Que Technology Group

Fort George G Meade, MD • On-site

$115K - $159K/yr

Full-time

Medical, Dental, Vision, Life, Retirement, PTO

Re-posted 3 days ago


Job description

Que Technology Group, Inc., is looking for a motivated Senior AI Engineer with a proven track record in software engineering and deep understanding of Artificial Intelligence/Machine Learning (AI/ML) techniques to support the exciting new AI and Emerging Technologies (AI&ET) mission.

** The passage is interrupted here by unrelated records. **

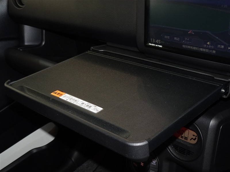 ナビ下のトレーを引き出せばテーブルに早変わり、休憩時に重宝します。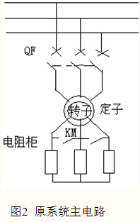 原系統(tǒng)是采用繞線電機(jī)串電阻降壓?jiǎn)?dòng),然后全壓運(yùn)行的方式進(jìn)行控制的,如圖2示。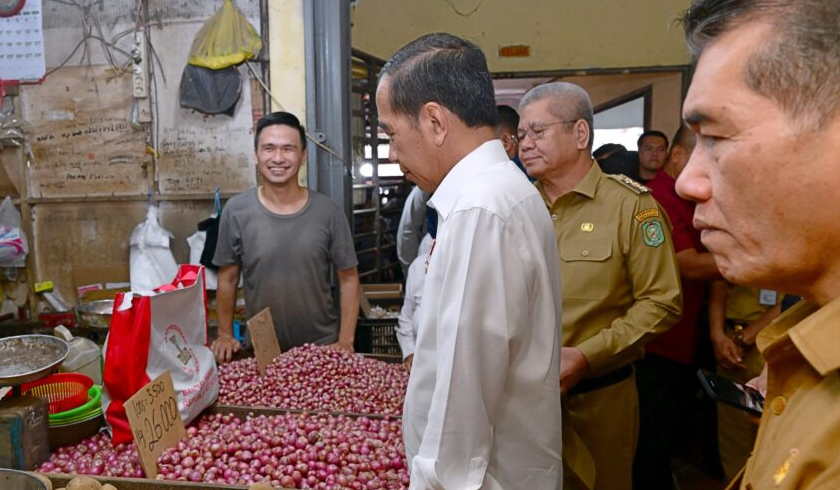 FAKTAGRUP- Presiden Joko Widodo (Jokowi) mengunjungi Pasar Mawar, Kota Pontianak, Kalimantan Barat. Kunjungan tersebut dilakukan untuk meninjau langsung harga dan ketersediaan sejumlah bahan pokok.
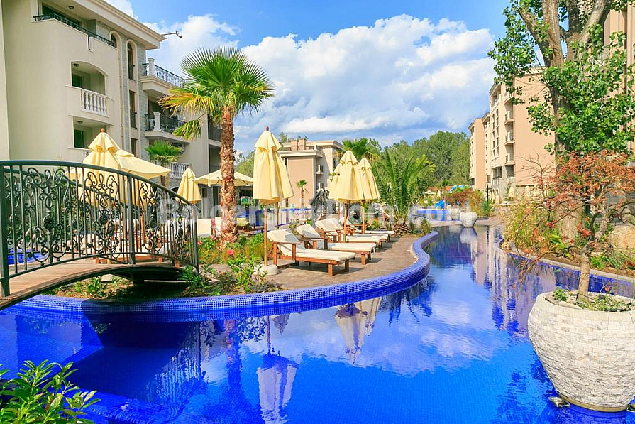 A wonderful offer in one of the most beautiful and well-maintained corners of Sunny Beach is a three-bedroom apartment with an area of 99 square meters in the legendary Cascadas complex. It is located on the ground floor, which is very attractive for families with young children. The apartment has a pleasant, bright interior that creates a feeling of lightness and comfort. Everything is ready for life here: modern furniture — stylish, but not pretentious; a full set of necessary household appliances; two bathrooms — convenient for a large family or guests; two terraces overlooking the pool and the green area of the complex.

The engineer will work closely with mission stakeholders to capture requirements, aid in structured planning, and improve the certification process by introducing AI/ML tooling.Additionally, the engineer will use AI/ML to develop tools and techniques to include fine tuning Large Language Models (LLM) that assist in enhanced vulnerability identification and mitigation capabilities.
Responsibilities include, but are not limited to:
  • Collaborate closely with technical leadership to design, develop, and maintain LLM orchestration frameworks that coordinate static analyzers, retrieval-augmented generation (RAG) systems, and automated testing pipelines.
  • Develop and optimize data preprocessing pipelines to ingest, clean, transform, and vectorize product documentation, source code, and test results for LLM consumption.
  • Design and implement database solutions to support RAG architectures, artifact storage, audit trails, and metadata management.
  • Collaboratively work with systems engineers to architect and deploy networked AI tools within secure enclaves and conduct performance profiling, optimization, and scalability analysis of mission systems.
  • Support security assessments and authority to operate (ATO) processes
Required Qualifications:
  • Bachelor's degree plus 8-years of relevant experience or equivalent.
  • Proficiency in Python, LLM integration, and data engineering.
  • Experience with static analyzers, RAG framework, and relational and vector databases.
  • Familiarization with Agile, Git, Jira, and Confluence.

Preferred Qualifications:
  • Familiarization with RUST, Claude Code, Codex, and CI/CD.
Security Clearance:
  • Active TS/SCI with Polygraph required.

BENEFITS:
  • Competitive salary
  • Company Medical/Dental/Vision plans - Company paid
  • Short-term Disability, Long-term disability and Life Insurance - Company paid
  • Business/ First Class travel upgrade for 7 hour or longer flights & company card will be provided for expenses
  • Vacation / Personal days granted at 25 days per year
  • Paid Federal Holidays - 11 days
  • $5,000 Annual Professional Development Fund plus 40 paid hours if in class
  • 401K with 6% company match; all contributions are immediately vested by Employee
  • Employee will be paid a bonus of $10,000 per employee hired based on their referral
  • Up to 3 paid Code Red days due to customer closure

Que Technology Group, Inc., is an equal opportunity employer, and all qualified applicants will receive consideration for employment without regard to race, color, religion, sex, sexual orientation, gender identity or expression, pregnancy, age, national origin, disability status, genetic information, protected veteran status, or any other characteristic protected by law.